While high school isn't the exact stereotype that TV shows make it out to be, there are many truths to those shows. One of the largest truths is the inevitable tier system that develops, which causes kids to rank one another and treat others based on those ranks. This was the biggest issue I had with high school. I lived in the same town my entire life, which meant that I went to school with the same kids my entire life. As a young kindergartener, I was very shy and timid, however I was also smart. This led me to being placed in certain gifted classes, but I was never social, and I refused to ever raise my hand to answer a question.
As the years went on I started to come out of my shell. I found friends that I enjoyed being around, and I learned that raising your hand isn't as scary as I had thought. But this didn't change how people saw me. Although I had grown, when I got to high school I was still a smart girl that few people actually knew since I had never talked to them when I was younger. I was stuck. I felt that I had grown out of the person that I was eight years prior, but no one treated me any differently, no matter how hard I tried to show that I wasn't that shy little kindergartener anymore.
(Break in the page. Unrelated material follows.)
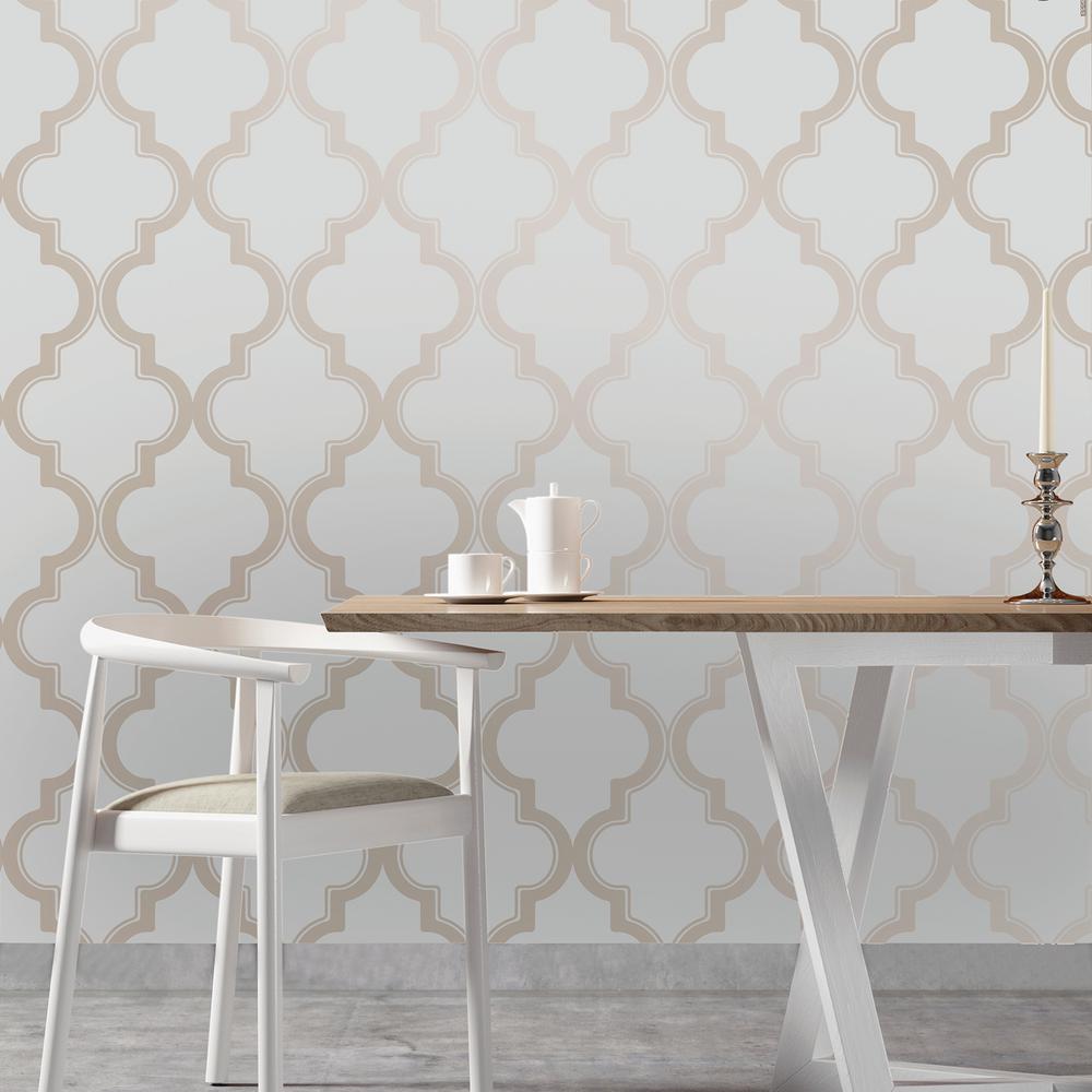 Description: A table with a candle and a vase on it in front of a wallpapered wall with a geometric pattern.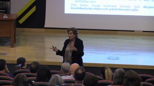 Akademik ve idari personelin katılımıyla gerçekleşen etkinlikte Prof. Dr. Hikmet Uğur Öner; kurum kültürünü ve kurum kültürünü oluşturan ortak özelliklerden söz ederek çalışanların kendilerini kuruma ait hissettiklerinde daha üretken, çözüm odaklı, kurumun çıkarlarını gözeten kişiler olacağını, aidiyet duygusunu pekiştiren kurum içi iletişimin sevgi ve saygı çerçevesinde sağlıklı bir iletişim ile sağlanabileceğini konuşmasında vurgulamıştır.

This led me to be in the unpopular crowd.
Then we graduated. We moved on to college, where we would all go our separate ways and no one would know who we were anymore. I was thrilled to finally get a chance to start over, and be who I wanted to be. But college wasn't all I had hoped it would be.
When I first arrived at freshman orientation I felt free. I talked to everyone, and everyone talked to me. We were all equal, the ranks had dissolved. But then Greek Life took over. Before I continue, I would like to say that I am not trying to degrade Greek Life. I am a part of it, and love my sorority and my sisters so much. But, like much else, Greek Life is not a perfect system.
Through my rush process, it was clear that there were tiers of sororities, those that were much more popular than others. I ended up in a "low tier" sorority. I then discovered that it was the same with fraternities. They were ranked based on how attractive people thought they were, and which sororities they partied with. I discovered that even in college, the rank system is inevitable. But why?
Why do people feel the need to stereotype one another into groups and rank them? Why do people limit themselves to socializing only with others of their own rank? College is a time meant for growth and development. This would be improved so much more if everyone talked to everyone, regardless of this imaginary rank. I came to college to escape high school, not repeat it. So I won't let these ranks define me.